##### MATERIAL FOR THE TASK

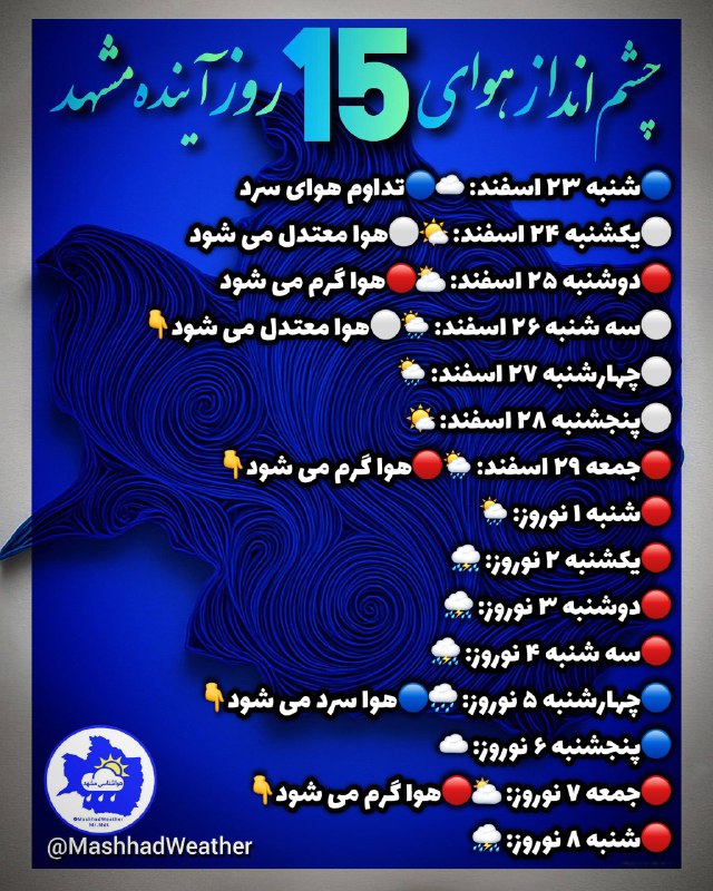 👁️ چشم انداز هوای ۱۵ روز آینده مشهد❄️هواشناسی خصوصی Posted on مارس 20, 2026 👁️ چشم انداز هوای ۱۵ روز آینده مشهد ❄️هواشناسی خصوصی مشهد👇 @MashhadWeather
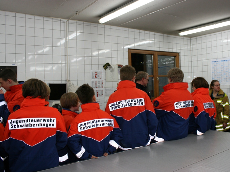 Als letztes gab es das Highlight, die Leitstellenbesichtigung. Dort angekommen mussten wir sehr leise sein, da dort die Notrufe entgegengenommen werden. In der Leitstelle wurde uns erklärt wie dort gearbeitet wird und was alles notwendig ist um schnell auf Notrufe zu reagieren. Nach einem gemeinsamen Gruppenbild verabschiedeten wir uns und fuhren gemeinsam zurück nach Schwieberdingen.
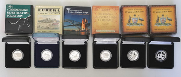 | Description: 1994-2010 Silver Proof commemorative Dollars: 1994, 2004 Eureka, 2007 SHB, 2008 Coat of Arms (2) and 2010 Coinage Centenary. In boxes of issue with COAs. (6 items total). FDC |
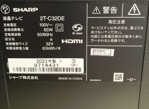 SHARP AQUOS 液晶テレビ 2023年製 2T-C32DE 32inch
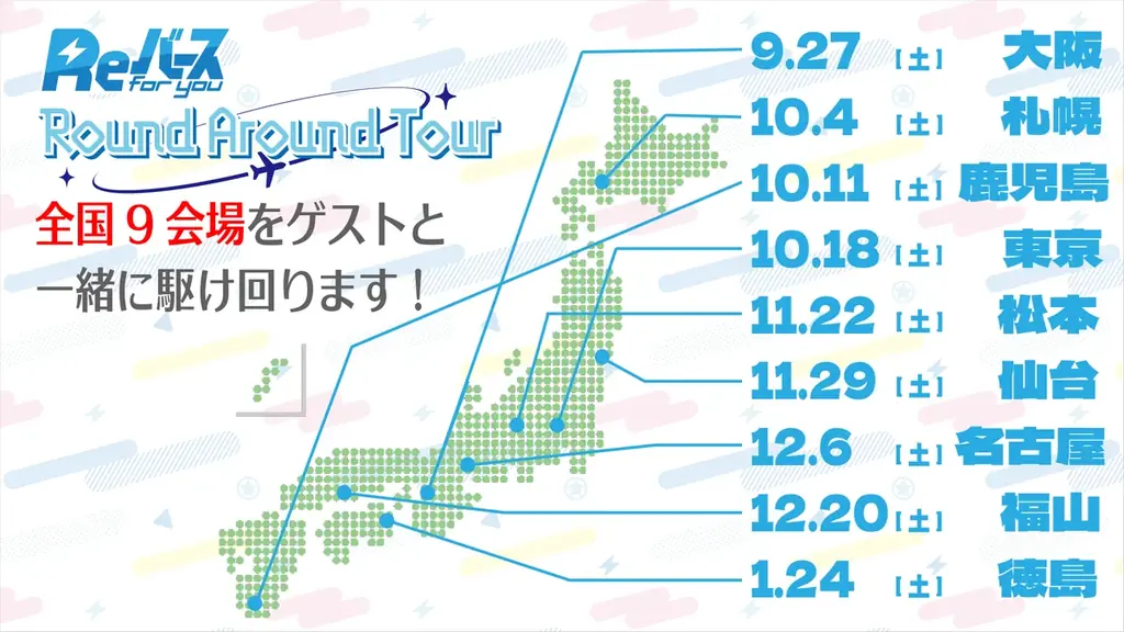 発表会の中で特に紹介されたのが、『Reバース for you』関連のイベント情報です。今回のシーズンにおいては、ゲストを迎えた形で全国9会場を巡るツアー「Round Around Tour」の開催決定が発表されました。
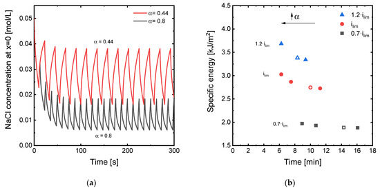 Some of the most representative results obtained by varying α are presented in Figure 8. For pulse periods with ton = 10 s, values of α higher than 0.5 imply pauses shorter than 10 s, while lower values of α imply extending the pause duration. Regarding the evolution of Na+ concentration at the diluting membrane–DBL interface (Figure 8a), higher duty cycles lead to a more intense depletion of the DBL, with concentrations at x = 0 oscillating around 0.01 mol/L when ihigh = ilim. On the contrary, a lower α value of 0.44 leads to Na+ concentrations at the membrane–solution interface oscillating around 0.025 mol/L. It can also be seen that the oscillation amplitudes become broader when α decreases, which is caused by the longer relaxation times leading to an enhanced restoration of the concentration profiles within the DBLs. Sosa-Fernandez et al. already demonstrated in a previous study, that extending the pause periods (toff values) during the desalination by PEF ED of polymer-flooding produced water yielded lower energy consumptions [16]. However, this reduction in energy consumption occurs at the cost of extending the time of operation significantly. Figure 8b shows the correlation between specific energy consumption and time needed to achieve a charge transfer of 16,800 A·s for different duty cycles. As found in previous works, decreasing α implies a decrease in the energy consumption, being this reduction more notorious at high current densities. On the contrary, for α values higher than 0.5, the times saved by decreasing the pause periods implied an increase in energy consumption. Thus, the application of asymmetric pulses can be used to obtain a trade-off between energy and time needed to desalinate a feed stream, being a useful strategy depending on the specific priorities of the given application of ED.
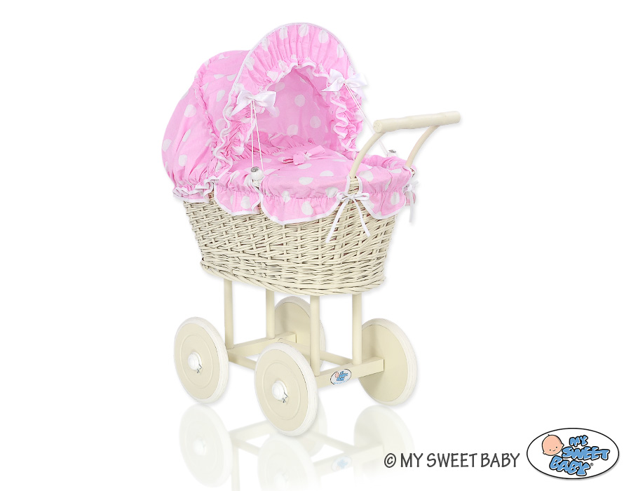 Kleinbaby.nl » Speelgoed Knuffels » Poppenwagens en Speelgoed » Poppenwagen van Riet » Poppenwagen Rotan Ivoor » Rieten Poppenwagen met Beddengoed Ivoor Roze Polkaprikker
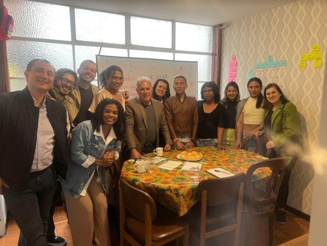 O Presidente do Grupo Cartão de TODOS, Altair Vilar e sua esposa Mara Vilar, Vice-Presidente Social da empresa, visitaram na última sexta-feira (24), a “Casa Feliz”, um espaço de acolhimento na capital colombiana que tem o propósito de oferecer não só abrigo, mas também capacitação profissional e educacional como forma de apoio aos refugiados venezuelanos integrantes da comunidade LGBTQIAPN+, assim como à população local da Colômbia afetada pelos ainda inúmeros casos de conflitos armados pelo país. Inaugurada, oficialmente, em 20 de junho, no Dia Mundial do Refugiado — data criada pela Organização das Nações Unidas (ONU) — a Casa Feliz é uma iniciativa da organização não governamental (ONG) brasileira Planeta de TODOS, braço social mantido pelo Grupo Cartão de TODOS.
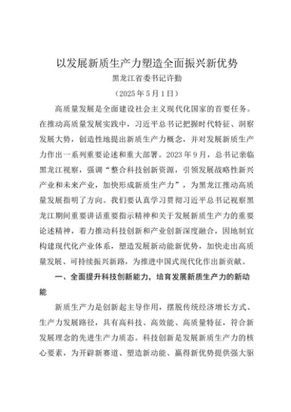 署名文章:20250501以发展新质生产力塑造全面振兴新优势——黑龙江省委书记许勤
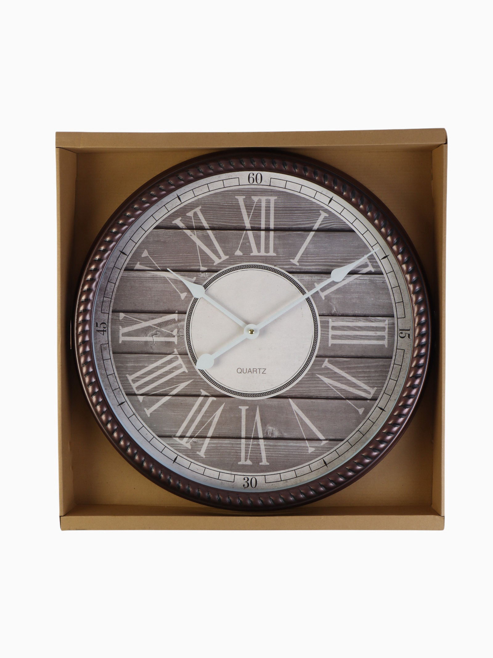 Цвет циферблата: Белый, Серый Размер упаковки: 51 x 6.5 x 53 см. Бесшумные: Нет Работает от сети: Нет Ход стрелок: Дискретный Типоразмер батареек: AA (LR6) Тип питания: От батареек Тематика: Интерьер Тематика: Интерьер tnved: 9105210000 Форма: Круглая Ширина, см: 50 Высота, см: 50 Тип индикации: Римские цифры Тип механизма: Кварцевый Цвет корпуса: Медный Особенности
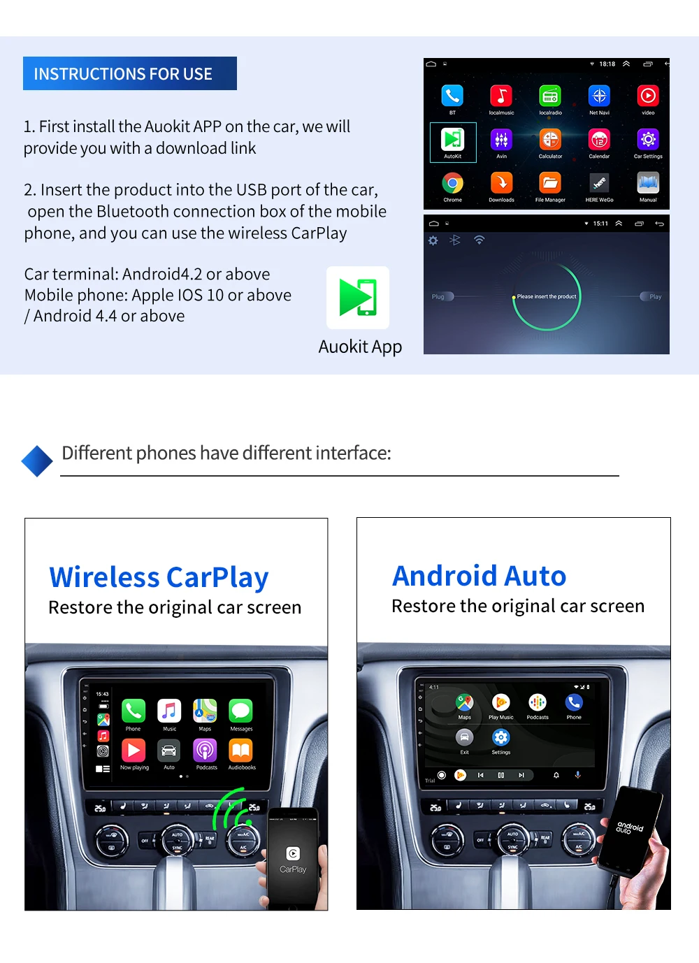 1. Оригинальный экран автомобиля не поддерживается, этот продукт работает только с экраном системы Android. 2. Установите APK перед покупкой; Чтобы узнать, удалось ли установить. Http:/121.40.123.198:8080/AutoKit/AutoKit.apk Продукт поддерживает обновление прошивки, один год гарантии
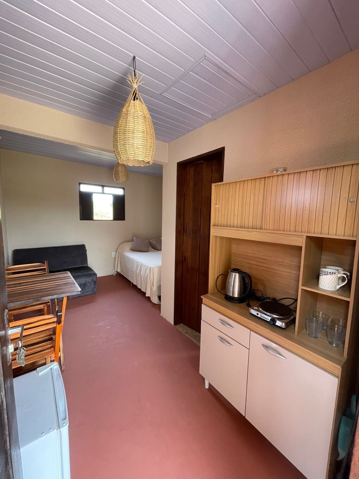 Chalezinho Suite — Cozy & Independent Perfect for guests seeking privacy, comfort, and convenience. What the suite offers • Air conditioning • Wi-Fi • Private porch with hammock, table, and 2 chairs • Compact kitchen (minibar, microwave, small electric oven, coffee maker, blender, clay water filter) • Great for preparing your own breakfast and light snacks Shared areas • Outdoor patio with hammock • Outdoor shower
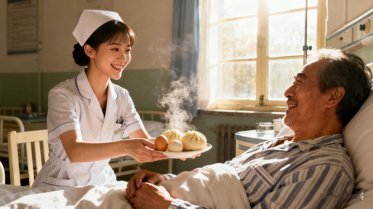 这个女护士真美! 辽宁鞍山的一间病房里,护士小李如常巡房时,目光落在了靠窗的病床上——年过六旬的张大叔孤零零地躺着,被子叠得整整齐齐,床边没有陪护的身影,连个放水杯的小桌都空荡荡的。 细问之下小李才知,大叔子女远在外地,老伴走得早,这次住院全靠自己硬扛。更让人心疼的是,大叔格外节俭,从家里带来的盒饭反复加热能吃两三顿,有时为了省点饭钱,干脆就不吃晚饭。小李听着,心里一阵发酸,默默记下了大叔的情况。 从那天起,小李巡房的脚步总会在大叔床边多停留一会儿。早晨交班后,她会顺手把自己带的热包子、鸡蛋塞给大叔;中午打饭时,特意多要一份菜端过去,笑着说“食堂今天菜多,我吃不完”;晚上查床,还会拎着一袋洗好的水果,陪大叔唠几句家常,问问他身体舒不舒服,要不要帮忙倒杯水。 这天,小李又端来刚热好的饭菜,大叔看着眼前冒着热气的粥和炒青菜,再看看小李额角的汗珠,突然红了眼眶。他攥着小李的手,声音发颤:“姑娘,你比我亲闺女还上心……”眼泪顺着皱纹滑落,滴在温热的饭盒上。 病房里的阳光洒在小李身上,她笑着摆手说“应该的”,可那抹温柔的身影,早已比阳光更暖人心——这世间的美,从不是光鲜的外表,而是藏在举手投足间的善良与真心。护士 护士温情照

##########

TASK TO COMPLETE - The line containing "Als letztes gab" marks the end: copy exactly every line from the start of the records up to and including it, leaving out the pictures.

RESULT FOR THIS TASK -
 👁️ چشم انداز هوای ۱۵ روز آینده مشهد❄️هواشناسی خصوصی Posted on مارس 20, 2026 👁️ چشم انداز هوای ۱۵ روز آینده مشهد ❄️هواشناسی خصوصی مشهد👇 @MashhadWeather
 Als letztes gab es das Highlight, die Leitstellenbesichtigung. Dort angekommen mussten wir sehr leise sein, da dort die Notrufe entgegengenommen werden. In der Leitstelle wurde uns erklärt wie dort gearbeitet wird und was alles notwendig ist um schnell auf Notrufe zu reagieren. Nach einem gemeinsamen Gruppenbild verabschiedeten wir uns und fuhren gemeinsam zurück nach Schwieberdingen.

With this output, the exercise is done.